I am sooooo excited about reading Caela's book, ME, HIM, THEM and IT. It's at the tiptop of my reading list, and I can't wait to sink my teeth in. I've heard so many people raving about this book!! Gritty YA FAVE!!! Caela's book just came out in February 2013!

ME, HIM, THEM AND IT by Caela Carter

ME is Evelyn Jones, 16, a valedictorian hopeful who's been playing bad girl to piss off THEM, her cold, distant parents. HIM is Todd, Evelyn's secret un-boyfriend, who she thought she was just using for sex - until she accidentally fell in love with him. But before Evelyn gets a chance to tell Todd how she feels, something much more important comes up. IT. IT is a fetus. Evelyn is pregnant - and when Todd turns his back on her, Evelyn has no idea who to turn to. Can a cheating father, a stiff, cold mother, a pissed-off BFF, and a (thankfully!) loving aunt with adopted girls of her own help Evelyn make the heart-wrenching decisions that follow?

And now, in Caela's own words, a touching and heartbreaking story and then touching again story that probably many of us can relate to. But she says it best in her own's Caela...

It was the beginning of third grade and I was being dumped by my friend. Publicly. I distinctly remember sitting at my desk in classroom when D dropped it into my palm: the jagged edge of the half silver heart with the letters “BE- FRI-” carved into it.

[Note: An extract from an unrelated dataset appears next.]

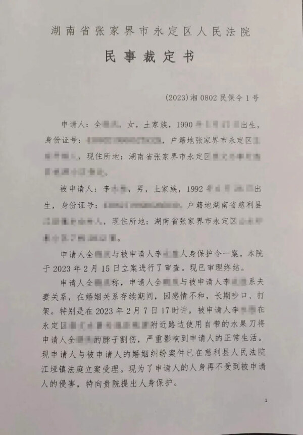 导读:近日,张家界一女子被丈夫割喉。据永定区人民法院消息,2月15日16:30左右,张家界永定区人民法院依法审查,发出对该女子的人身安全保护令。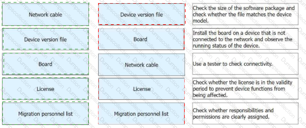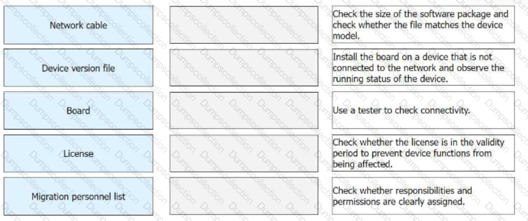 In the preparation phase of a migration project, the software and hardware need to be checked. Match the operation objects in the preparation phase with the corresponding operation contents.

Even though I’d given her the better half of the necklace without even arguing. “Here,” she’d said. “I don’t need this. I’m best friends with K now.”

            I was a little girl who didn’t understand friendships that could be part-politics, who wasn’t interested in New Kids on the Block or winning recess kickball or owning the best pair of shoes. I could not comprehend what D was doing, though, believe me, it hurt.

            The trading of friendship necklaces became an epidemic in our school for the next few years. Girls were often heartbroken, crying on the playground, over jewelry lost in the dissolving of friendships. I couldn’t understand any of it. When I was handed a half-heart, it always said “-EST -ENDS,” I always accepted, even though I didn’t understand the game. It was always eventually taken from me.

            By the time I got to high school, the very concept of “BEST FRIENDS” scared the heck out of me. I was fortunate to have a bunch of close girlfriends in high school, some of whom I still hold in my heart. Melissa always wanted to hang out, to talk, to sit next to me in the cafeteria. Jackie found me my very first boyfriend. And Katie and I spent so many hours together running, lifeguarding, eating, double-dating, and (occasionally) arguing we may as well have been sisters. But each of these girls seemed to have other friends who were actually the “best”. I avoided those words in high school.

            But I thought about them.  I would often think about girls who were obviously best friends. I would wonder how they knew, how they chose, how they managed to hold onto each other without one tearing the other down as I had experienced in my elementary school.

            I thought I’d missed the Best Friend Boat.

            But then I went to college at Notre Dame and I met Linda. She was the silly girl who lived across the hall from me, who had grown up only hours from my house, who was fun and nerdy and warm and open-minded and almost-never shy. Who could make anyone laugh, even that someone was also crying. We were fast friends.

            We spent hours in the Lafortune Student Center (the table in the basement, closest to the door). We would study and talk and laugh and share big cups of Mr. Pibb Xtra and slices of greasy Sbarro pizza. We were there so often people would come looking for us. This was in the era of AOL Instant Messenger and before WiFi, so we would leave “Away Messages” on index card with highlighters— “Going to the dining hall”, “Back at the dorm for a shower.”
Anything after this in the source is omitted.